On May 1, Fed, DFS fined Goldman Sachs $110mn in FX trading.
- Goldman Sachs charged for unsafe, unsound practices, in FX trading business.
- Traders buy and sell currencies for the firm's own accounts and for customers.
- Dealing done through indirect subsidiaries, both in US and in overseas offices.
Alleged Violations
- Firm did not detect traders' use of chatroom to communicate with competitors.
- Traders discussed respective positions, fixes to benchmark, to increase profits.
- Firm failed to detect disclosures of client information by traders to other firms.
Expectations
- Feed expect strong governance of compliance risk at all levels of management.

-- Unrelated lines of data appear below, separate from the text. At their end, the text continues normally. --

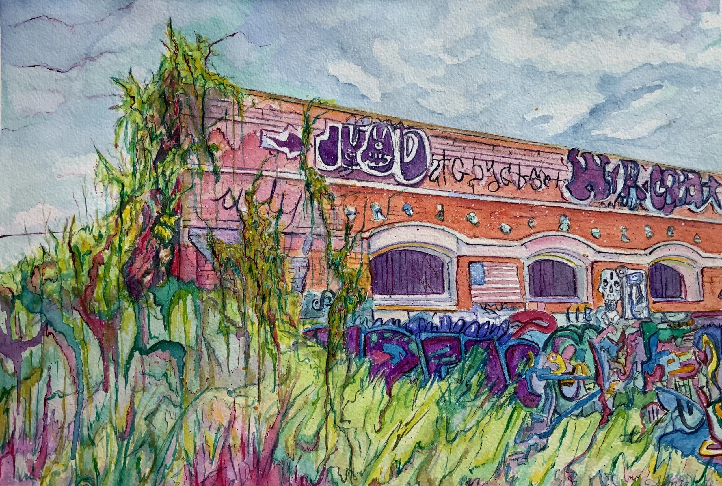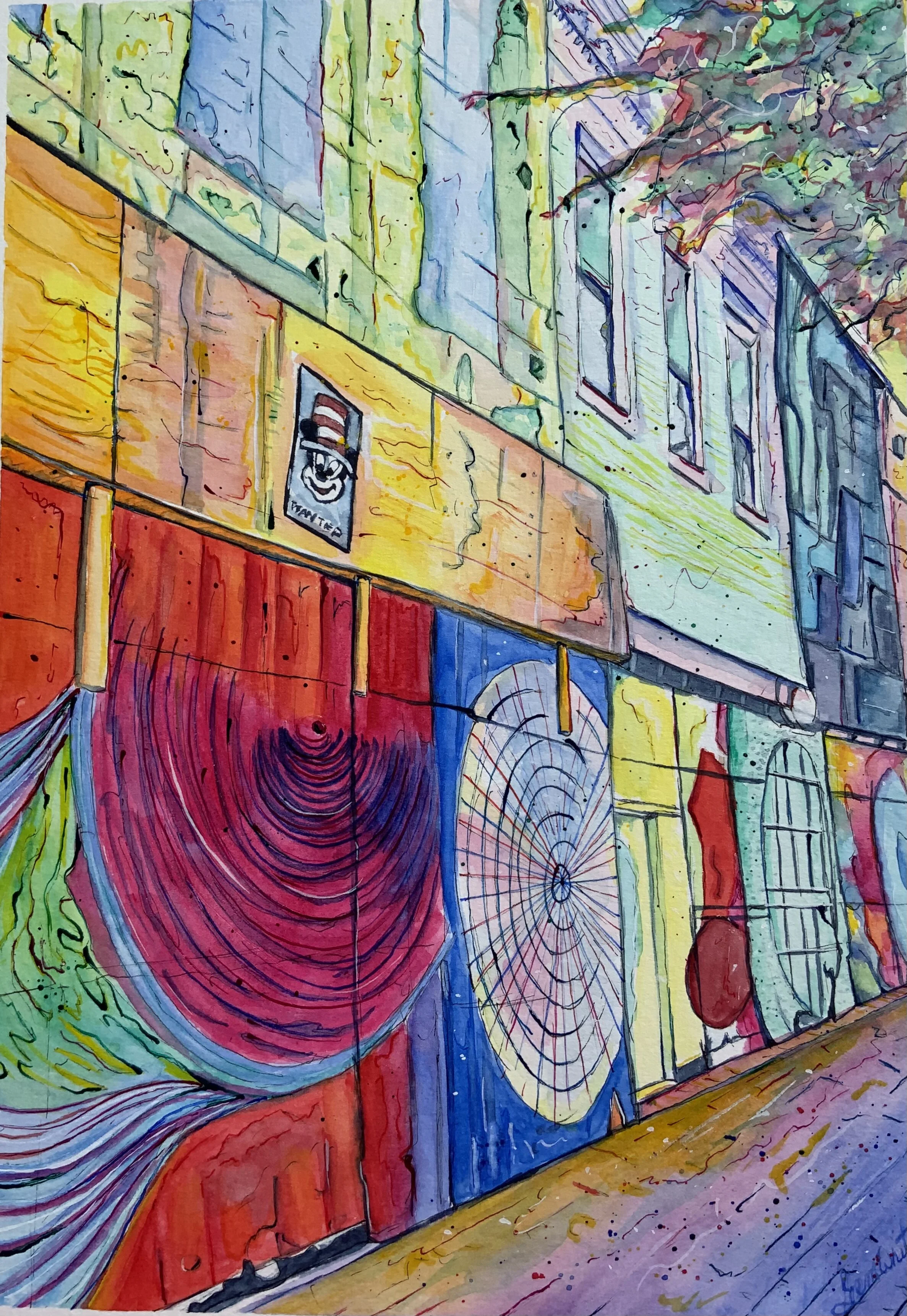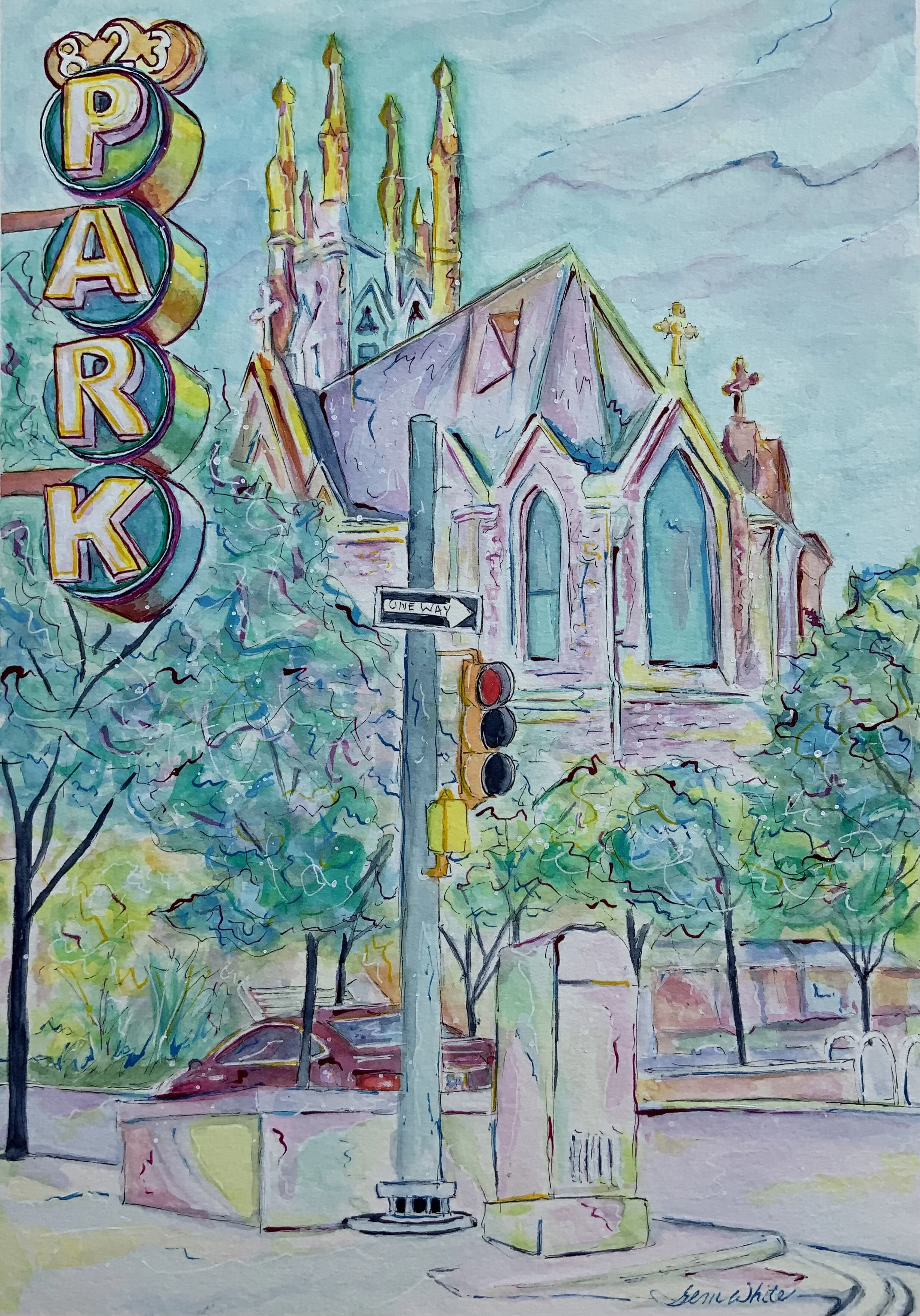 When we first arrived in Downtown Austin many of the buildings were boarded up. It was a little scary to see a normally bustling city at a standstill due to the pandemic. Slowly the boards starting coming off and life gradually started creeping back in. What concerns me are the ones that are still boarded up. Will they renovate these old buildings or tear them down and replace them with something new. Here’s hoping the charm of the old that is so much a part of Austin will remain intact. Since I painted this picture the old colorful boards have been removed and replaced. Looks like something is about to happen…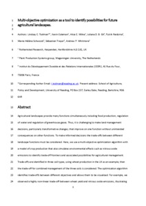 Todman, L. C. ORCID: https://orcid.org/0000-0003-1232-294X, Coleman, K., Milne, A. E., Gil, J. D. B., Reidsma, P., Schwoob, M.-H., Treyer, S. and Whitmore, A. P. (2019) Multi-objective optimization as a tool to identify possibilities for future agricultural landscapes. Science of the Total Environment, 687. pp. 535-545. ISSN 0048-9697 doi: 10.1016/j.scitotenv.2019.06.070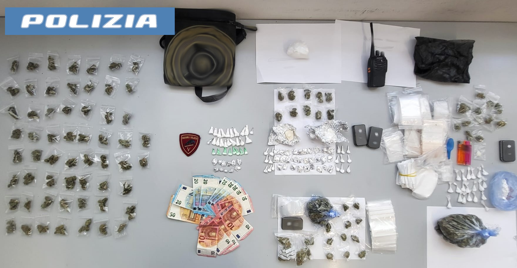 Dopo averlo identificato i poliziotti hanno proceduto con una perquisizione che ha dato esito positivo. Dentro un marsupio c'erano infatti 58 involucri in cellophane contenenti sostanza stupefacente del tipo marijuana, per un peso totale lordo di 75,4 grammi, 11 involucri in carta stagnola contenenti sostanza stupefacente del tipo crack, per un peso totale lordo di 2,75 grammi, 28 involucri in cellophane termosaldati, contenenti sostanza stupefacente del tipo cocaina, per un peso totale lordo 12 grammi, la somma di euro 230 euro in contanti e un bilancino di precisione. Tutto quanto rinvenuto è stato sottoposto a sequestro.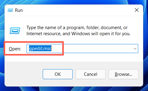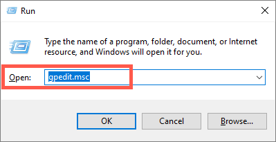 - Type gpedit.msc into a Run box and press Enter.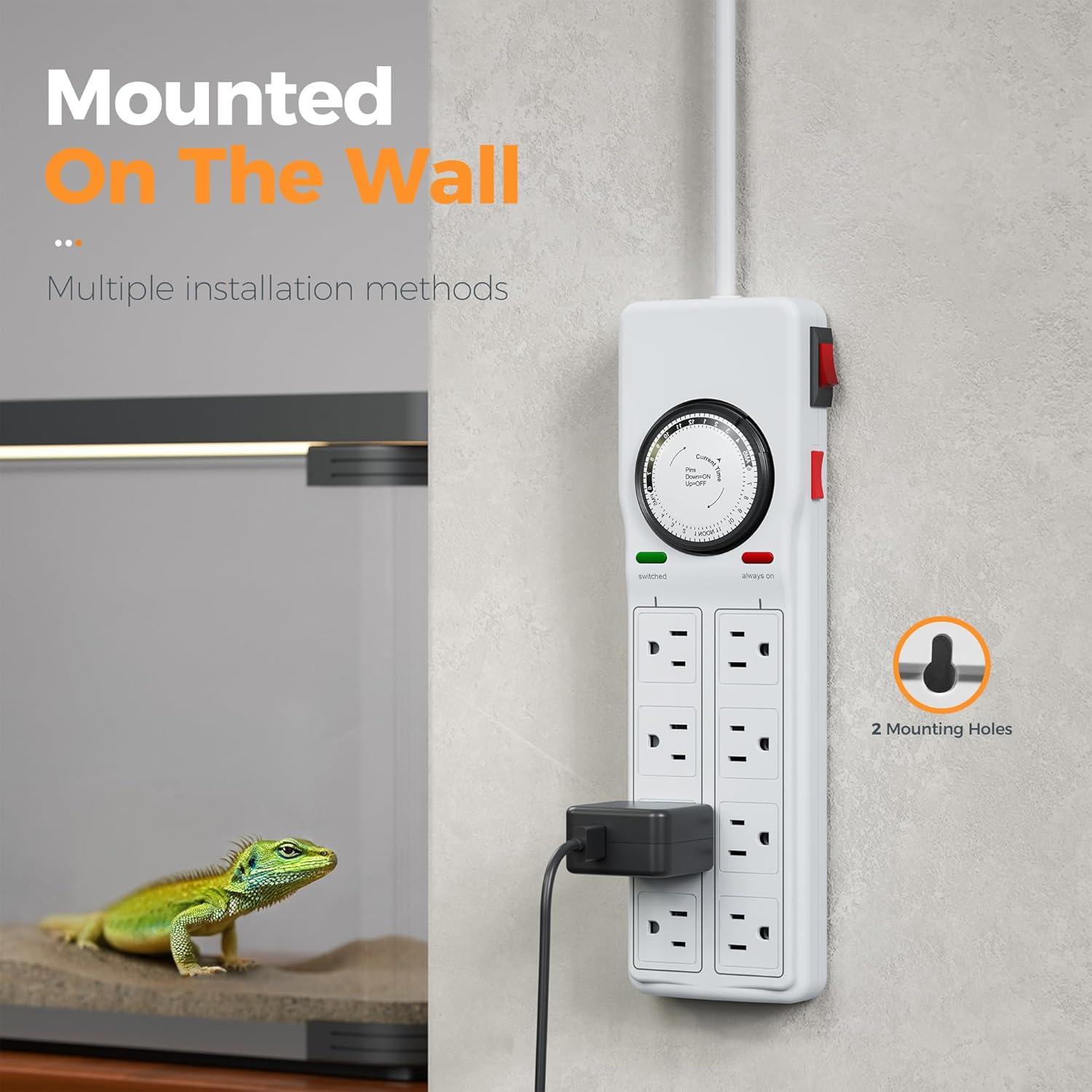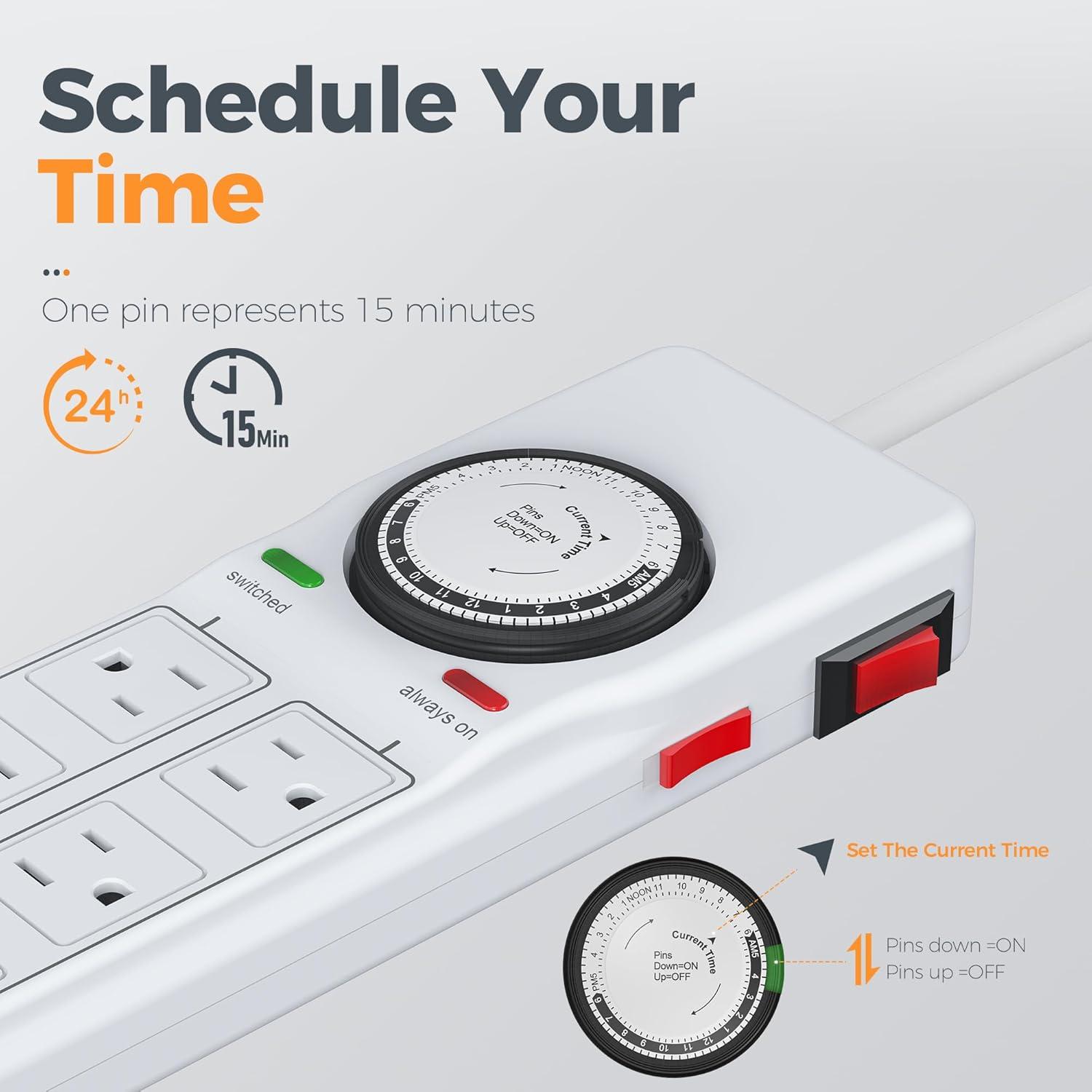 Mechanical Timer Power Strip: The timer outlet can plan daily, equipped with 4 AC outlets for timing, 4 AC outlets are always powered, and can connect 8 devices simultaneously; The timer pin dial can be set in increments as low as 15 min

- Policies and procedures, rigorous surveillance, escalation mechanisms, training.
Sanctions
- Both the Fed and NY DFS each fined Goldman $54.75mn for total of $109.5mn.
- Orders required firm to improve controls over FX compliance risk management.
- Policies for types of communications staff may use to communicate with others.
- Types of trade and confidential customer information that may be so disclosed.
- Conduct for responding to conflicts with customers that place execution orders.
- Compliance reporting for staff to report violations of policies, US law and rules.
- Training for staff in market activity, on policies and laws for job responsibilities.